Outdoor living skills, such as learning how to make traps, are an integral part of the wilderness therapy experience at True North. Our students learn how to make two types of traps, the Paiute Deadfall and the Figure Four. They make a total of four traps and learn how to set them up with flat rocks they find near their campsites. Each trap comes with its own unique set of mechanical challenges, from harvesting trees and selecting straight, uniform pieces of wood, to using tools to shape those pieces of wood so they fit together like a puzzle. The functional purpose of making traps often feels less clear than some of the other outdoor living tasks our students engage in, such as making fire to cook dinner or learning to tie knots that hold up a sleep shelter. We don’t bait traps either, so we aren’t relying on them for food (as was their function in early American history). The purpose of making traps may be less obvious, yet, from an experiential learning standpoint, it has enormous value.
True North students make traps during the second phase of the program. This is the same point at which they create an individualized personal development goal. Just as each student’s goal is unique to their personal values and challenges, so is their experience building traps. This experience might mean learning how to ask for help, facing a fear of failure, exploring strategies for managing personal expectations, or developing skills for personal motivation. Our clinical team regularly discusses the experience of making traps with our students. We focus on the process rather than the outcome. Our aim is to help students build an understanding of what it took to get to the finish line. When they succeed we say, “great, what did you learn?” When they fail we say, “great, what did you learn?”

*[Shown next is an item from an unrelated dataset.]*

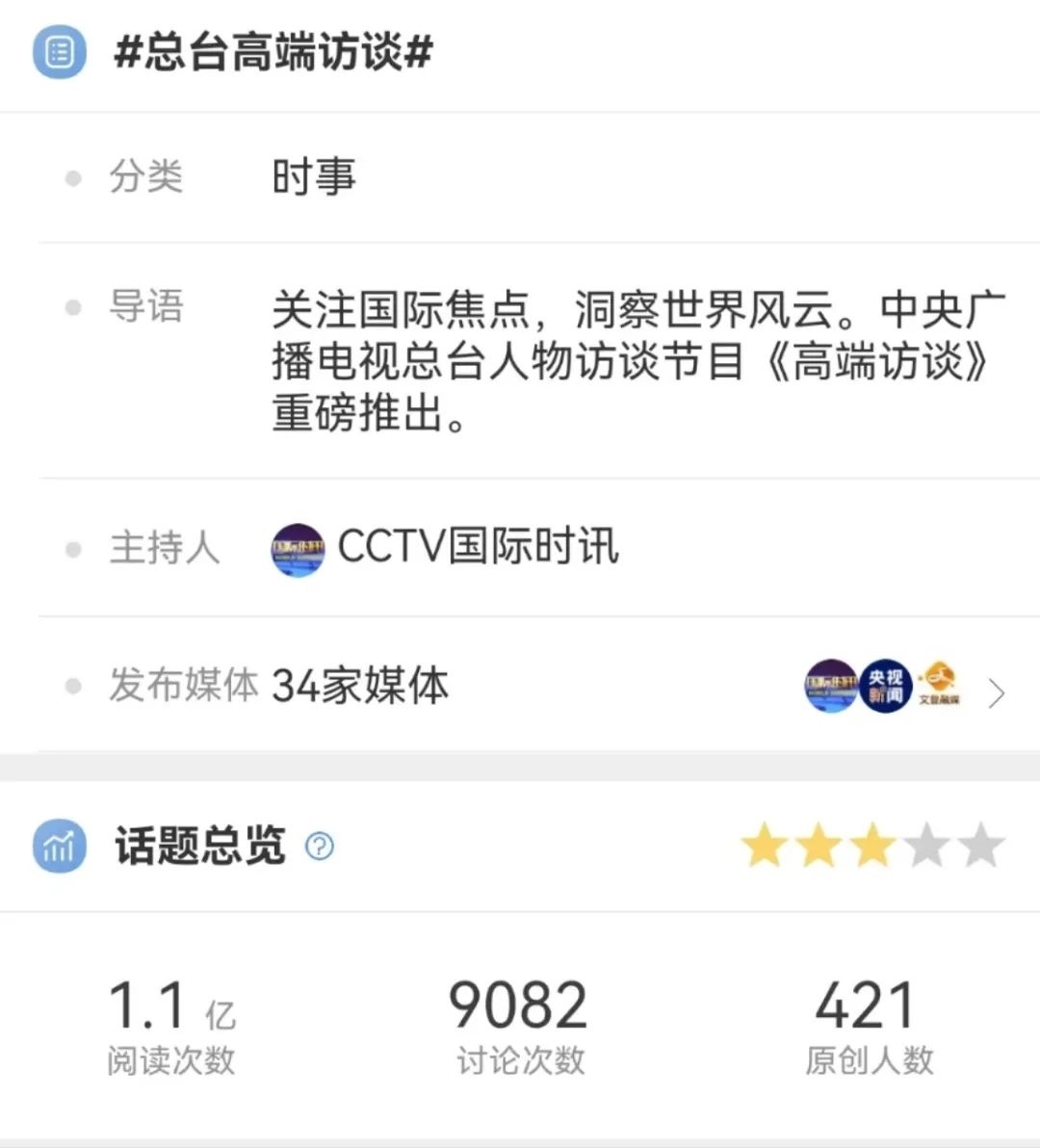 在充分調(diào)研的基礎(chǔ)上,《高端訪談》的采訪敢于碰真問題、硬問題,緊扣當(dāng)下熱點,以觀點鮮明、針對性強(qiáng)、易于傳播的重磅采訪報道主動設(shè)置議題,奮力提升中國聲音在國際輿論場中的話語權(quán)。

The purpose of traps is that they are an experience, a process, and a tool. By building traps our students learn about themselves. They may recognize just how often they compare themselves to others, are more capable than they give themselves credit for, or act carelessly, resulting in more work in the long run. For every student the process looks different, however, the end result is always the same – four well-made, completed traps and an experience of personal understanding and growth.